Blackwater is an intense, cinematic shooter experience unlike anything you’ve ever played before. Lead a team of Blackwater Operators protecting a fictional North African town, battling dangerous warlords and fighting back two opposing militia forces. Using the motion-sensing Kinect controller players can do everything from moving their character to aiming and firing a weapon as you work your way through pressure-filled missions.

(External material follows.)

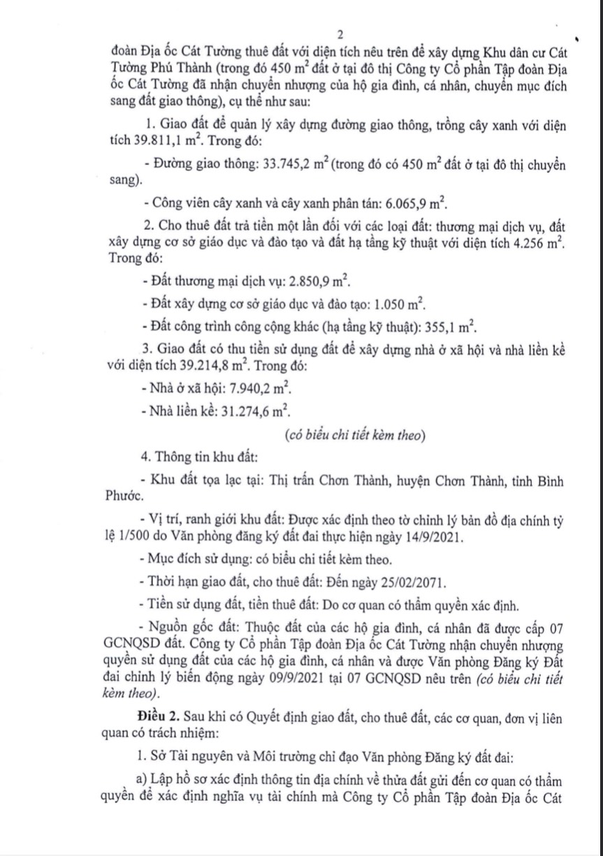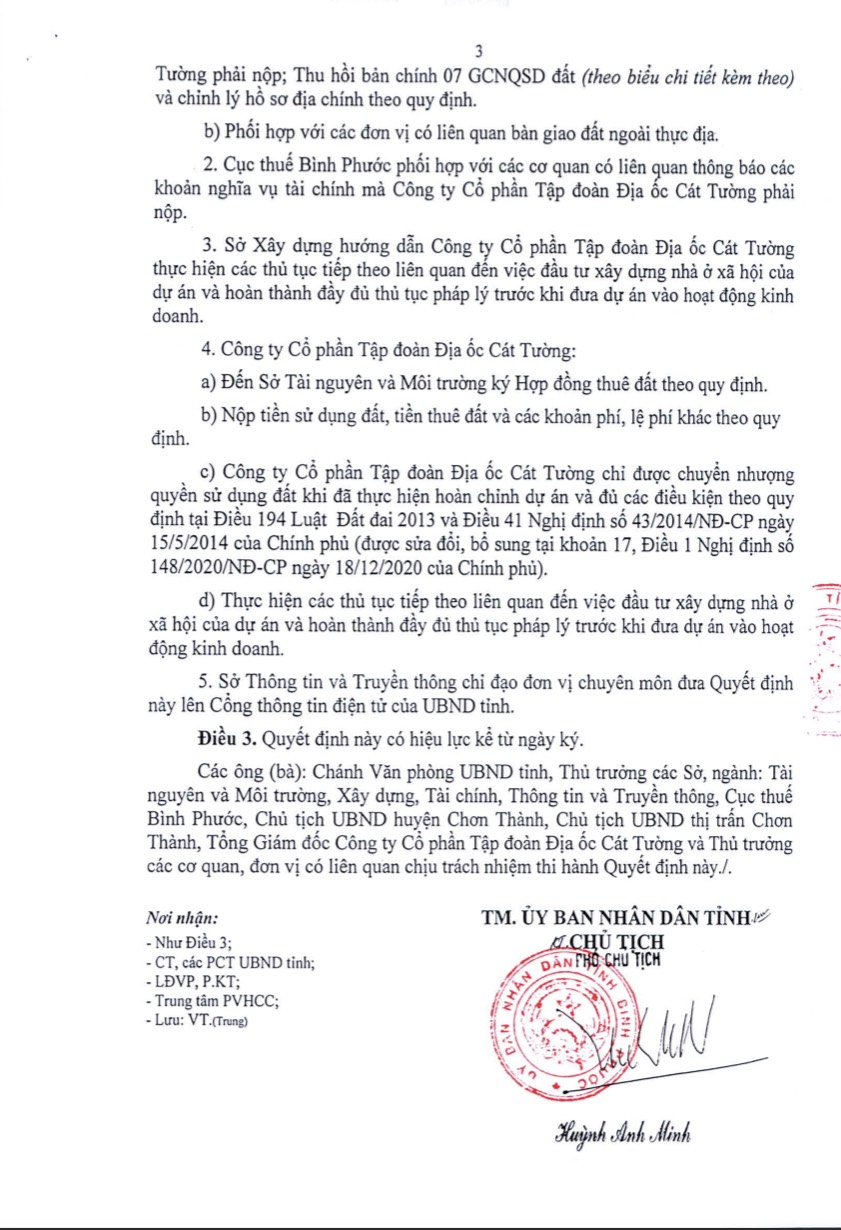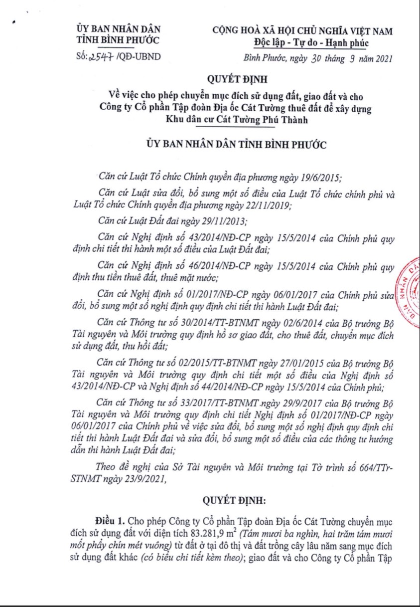 Ngày 30/09/2021, UBND tỉnh Bình Phước kí quyết định SỐ 2547/QĐ-UBND về việc chuyển đổi mục đích sử dụng đất, giao đất cho Công ty CP Tập đoàn địa ốc Cát Tường để tiến hành triển khai dự án.

I actually have a problem with all video games based on wars of which all the veterans are not yet dead. A quick explanation: I grew up in a family of hunters, which means being around a lot of guys who owned guns and knew how to use them. But they weren’t Gun Guys, the types of morons who end up on the news because they got tipsy and waved their handguns around and wound up shooting themselves in the testicles. My siblings and I weren’t allowed, as children, to touch the guns, or even know where they were kept. And not only did we not play with toy soldiers, we were cuffed upside the head for even thinking “war” was a game anybody should play.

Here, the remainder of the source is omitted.